We create a PostgreSQL database to track all our state; we could use any other number of key-value stores but as it’s a standard database it may be more familiar to Data Scientists. We have a table articles for articles and their keywords which we update whenever a new article is published.

article_id article_name update_time keywords
1 Point-in-time joins 2022-04-01 [“sql”,“python”,“machine-learning”]
2 Recipe NER 2022-03-01 [“python”,“nlp”]

And another table activity for tracking user activity which collects events from the frontend:

user_id event_time article_id
1 2022-05-11T11:00:00Z 1
1 2022-05-11T11:05:00Z 2
2 2022-05-11T11:00:00Z 1

Then we can get get out the keywords with an SQL query, which we use to recommend articles:

SELECT history.*,
       articles.keywords || last_articles.keywords AS keywords
FROM
  (SELECT user_id,
          event_time,
          activity.article_id,
          lag(article_id) OVER (PARTITION BY user_id
                                ORDER BY event_time) AS last_article_id,
                               row_number() OVER (PARTITION BY user_id
                                                  ORDER BY event_time DESC) AS user_row_number
   FROM activity) AS history
LEFT JOIN articles ON history.article_id = articles.article_id
LEFT JOIN articles AS last_articles ON history.last_article_id = last_articles.article_id
WHERE user_row_number = 1;
user_id event_time article_id last_article_id user_row_number keywords
1 2022-05-11T11:07:00Z 3 2 1 [“python”,“nlp”,“sql”,“python”,“machine-learning”]
2 2022-05-11T11:00:00Z 1 null 1 [“sql”,“python”,“machine-learning”]

This works, but we find as the activity table grows the queries are getting slow and the recommendations are taking minutes to load. Also when we are training a model on this database the recommendations get even slower again. Instead we create a current_activity table that only carries the current snapshot of the data needed to generate the recommendations. To keep it very fast we send and update the keywords on the fly:

user_id event_time article_id last_article_id current_keywords last_keywords
1 2022-05-11T11:07:00Z 3 2 [“python”,“nlp”] [“sql”,“python”,“machine-learning”]
2 2022-05-11T11:00:00Z 1 null [“sql”,“python”,“machine-learning”] null

But from the current_activity table we can’t evaluate the historical recommendations. Whenever a new page is viewed it UPDATEs the row for that user and we lose the history. So we set up Change Data Capture to track all the changes and store it in a separate analytics database. We then have a historical_activity table that contains the state of the activity every time.

We think that a better keyword extraction strategy could produce better recommendations. When training and evaluating on historical data we want to use our new keyword feature, not the one that was available at the time. Otherwise we’re not testing the model on the same data we will have at inference time, we have training-serving skew. This means we can’t use the keywords from the historical_activity, but have to lookup the new keywords using article_id and last_article_id. So we add a new keywords_v2 column and use a variation of the SQL query above to get the new features. An alternative would be to add keywords_v2 to the live feature store and wait for historical data to accumulate, but this is a very slow way to iterate on features.

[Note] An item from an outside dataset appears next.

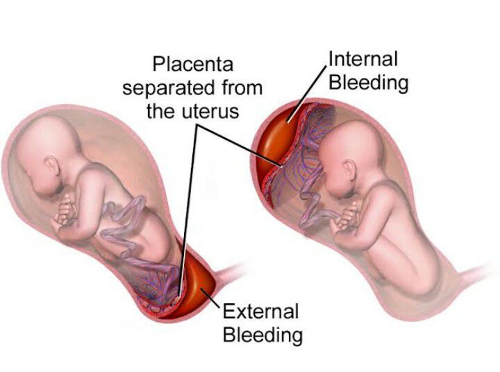 Placental abruption occurs when the placenta partly or completely separates from the inner wall of the uterus before delivery. This can decrease or block the baby's supply of oxygen and nutrients and cause heavy bleeding in the mother. Symptoms: - Vaginal bleeding, although there might not be any - Abdominal pain - Back pain - Uterine tenderness or rigidity - Uterine contractions, often coming one right after another The cause of placental abruption is often unknown. Possible causes include trauma or injury to the abdomen. Patients with previous history of PA, hypertension, trauma, infection and smoking are at higher risk of PA. It might cause mother to go into shock because of excessive bleeding and may cause clotting problems. In the fetus PA may cause restricted growth, premature birth or still birth It is diagnosed theough a physical exam checking for uterine tenderness and rigidity. Ultra sound and some blood tests are also performed. Before 34 weeks if the baby is doing well, patient might be admitted for close monitoring. In babies close to term and compromised condition an urgent C-section is required.

However we actually rewrote the point-in-time joins article to use Julia instead of Python. When recommending to people who viewed the old version we should use the keywords based on the text of that article; presumably they were more interested in Python. To do this we need to do a point-in-time join; we join with the article table containing all versions and get the most recent version available at that time. We do that by joining on event_time >= update_time and then pick the row with the most recent update_time. It’s a bit more complex because we need to do this for the previous version as well; here’s an SQL query that may do it.

SELECT *
FROM
  (SELECT history.*,
          articles.keywords_v2 || last_articles.keywords_v2 AS keywords,
          row_number() OVER (PARTITION BY user_id,
                                          event_time,
                                          history.article_id,
                                          history.last_article_id
                             ORDER BY articles.update_time DESC, last_articles.update_time DESC) AS rn
   FROM
     (SELECT user_id,
             event_time,
             activity.article_id,
             lag(article_id) OVER (PARTITION BY user_id
                                   ORDER BY event_time) AS last_article_id,
                                  lag(event_time) OVER (PARTITION BY user_id
                                                        ORDER BY event_time) AS last_article_event_time,
                                                       row_number() OVER (PARTITION BY user_id
                                                                          ORDER BY event_time DESC) AS user_row_number
      FROM activity) AS history
   LEFT JOIN articles ON history.article_id = articles.article_id
   AND history.event_time >= articles.update_time
   LEFT JOIN articles AS last_articles ON history.last_article_id = last_articles.article_id
   AND history.last_article_event_time >= last_articles.update_time
   WHERE user_row_number = 1 ) all_versions
WHERE rn = 1;

This substantially improves our offline metrics. We take the latest version of keyword_v2 for all users, insert it into our online feature store, and run an A/B experiment to see whether it is really better.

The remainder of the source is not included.